◆ RECORDED INFORMATION:

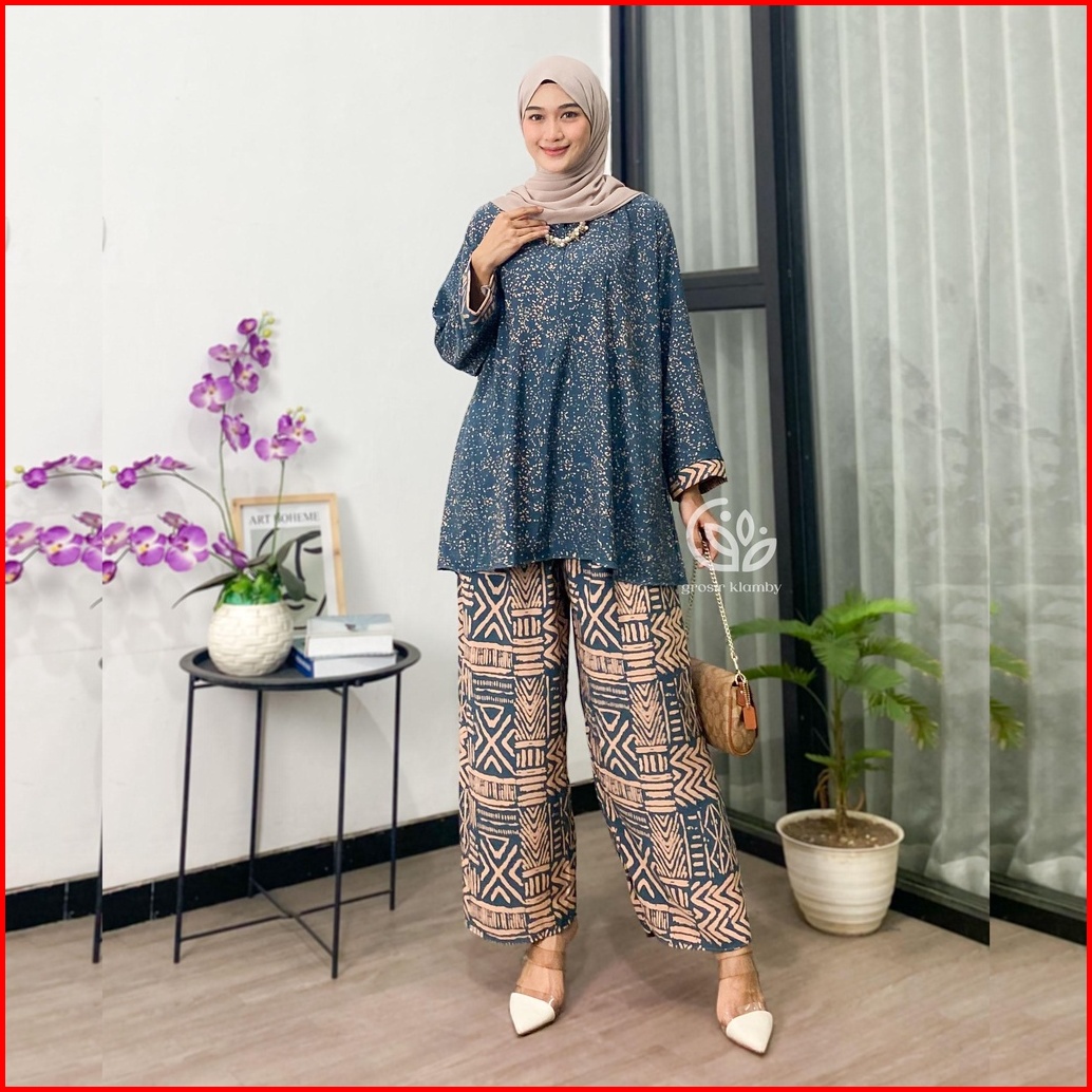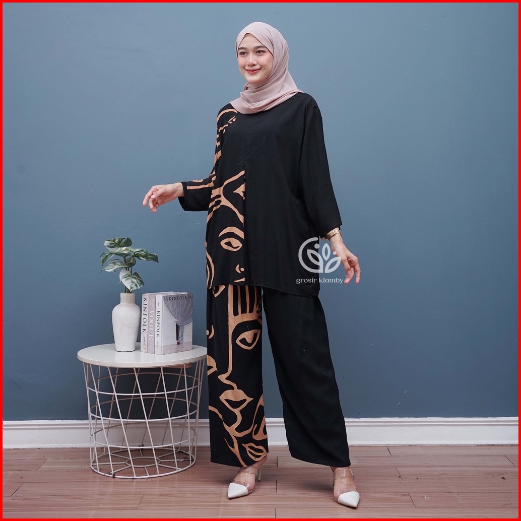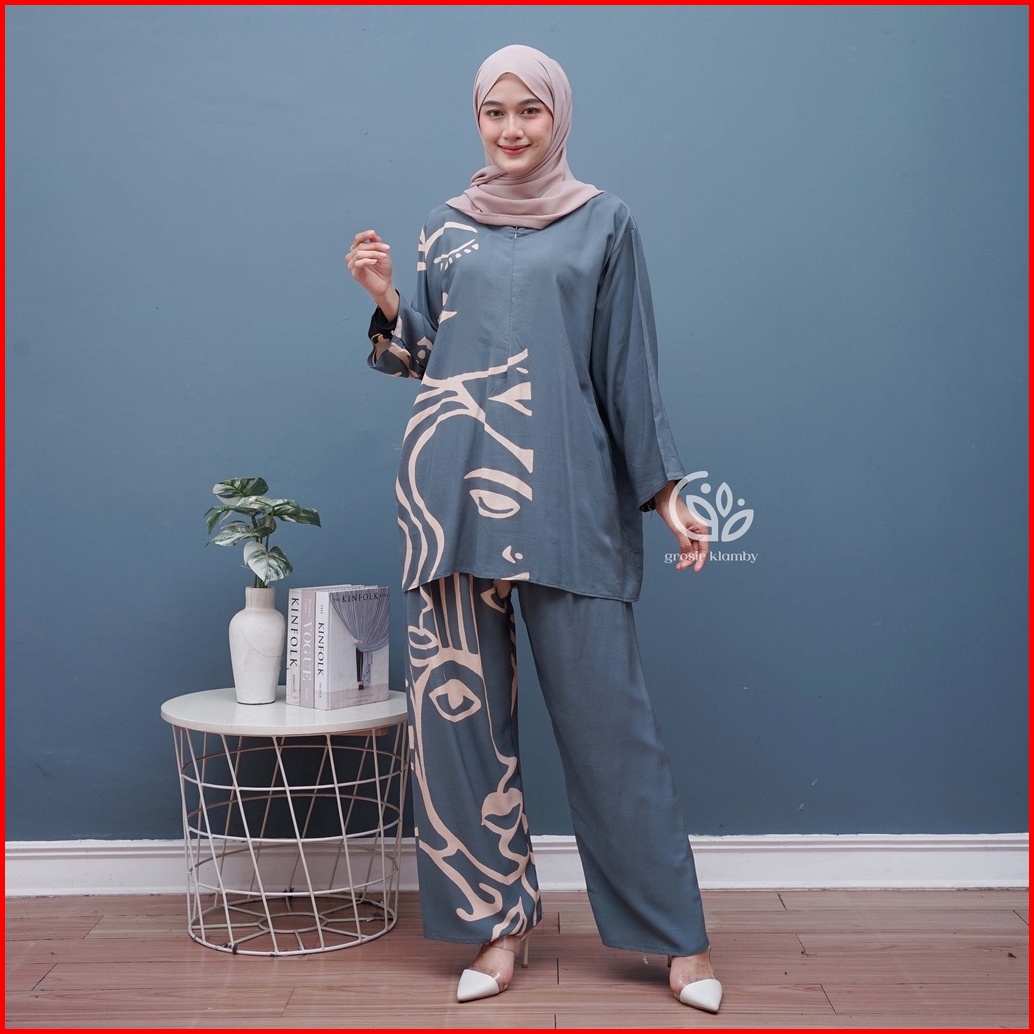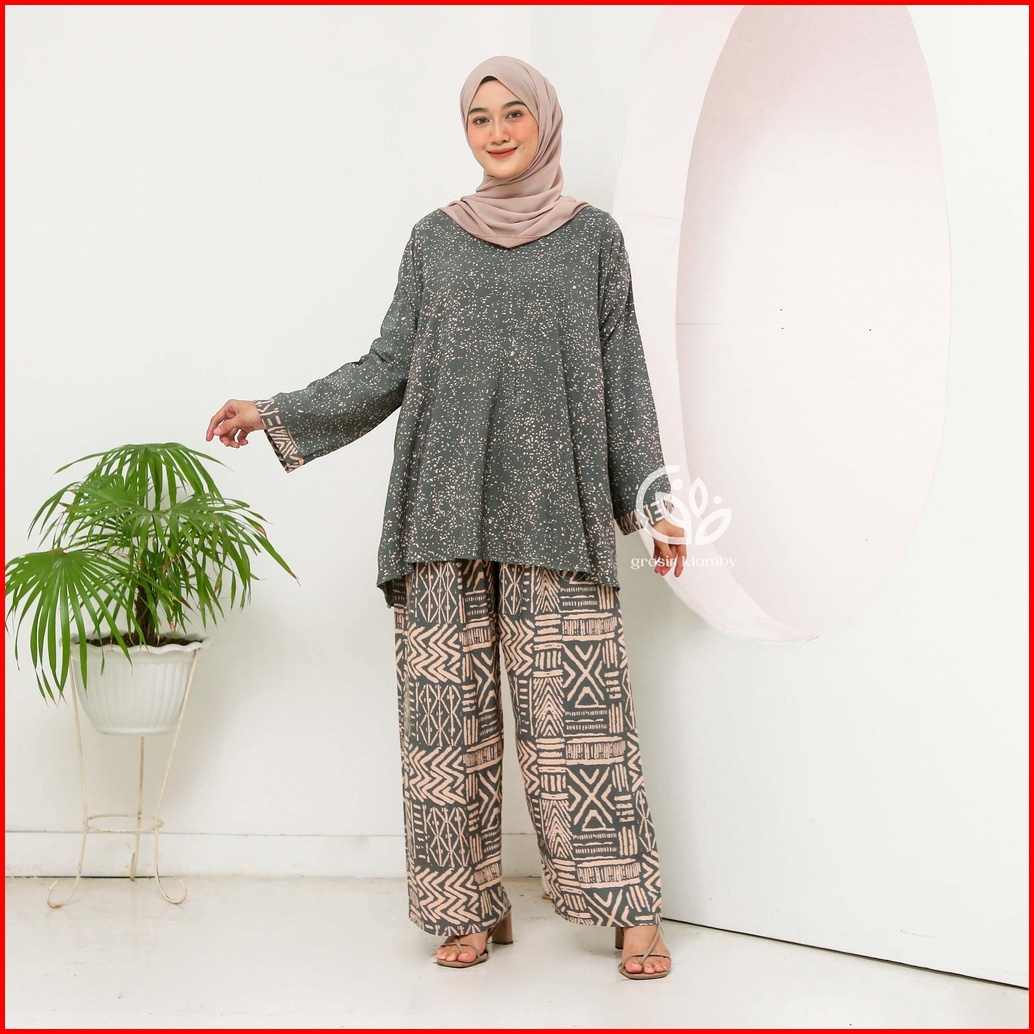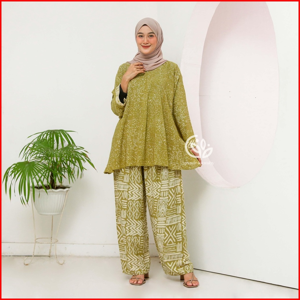 One Set Hawai Rupa Jumbo Rayon Premium Busui Atasan Celana Nyaman Wanita Setelan
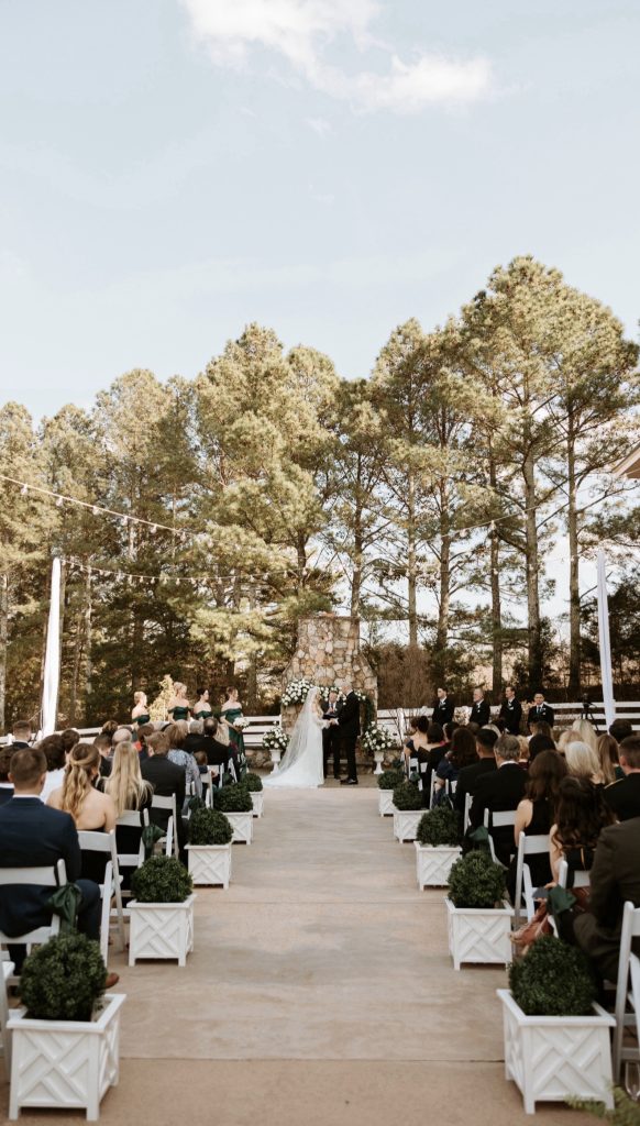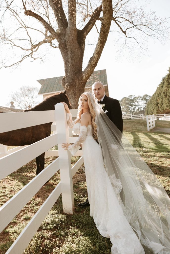 Set against the backdrop of an outdoor ceremony, their day unfolded with a sense of ease and intention. Just as they began exchanging vows, the wind picked up, and the sound of the venue’s horses filled the air, creating a moment that felt almost cinematic. It was unexpected and completely perfect, an atmosphere that made their ceremony feel even more meaningful and uniquely theirs.
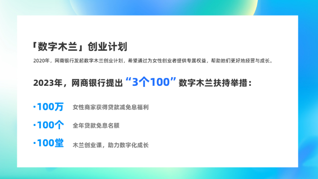 2023年,“数字木兰创业计划”再度升级,项目举措还包括为100万女性享受贷款减免息服务、每年提供100个女性全年贷款免息名额等。

◆ ACTIVITY: Output all of the listing above, exactly as given, but without its pictures.

◆ RESPONSE FOR THIS EXERCISE:
 One Set Hawai Rupa Jumbo Rayon Premium Busui Atasan Celana Nyaman Wanita Setelan
 Set against the backdrop of an outdoor ceremony, their day unfolded with a sense of ease and intention. Just as they began exchanging vows, the wind picked up, and the sound of the venue’s horses filled the air, creating a moment that felt almost cinematic. It was unexpected and completely perfect, an atmosphere that made their ceremony feel even more meaningful and uniquely theirs.
 2023年,“数字木兰创业计划”再度升级,项目举措还包括为100万女性享受贷款减免息服务、每年提供100个女性全年贷款免息名额等。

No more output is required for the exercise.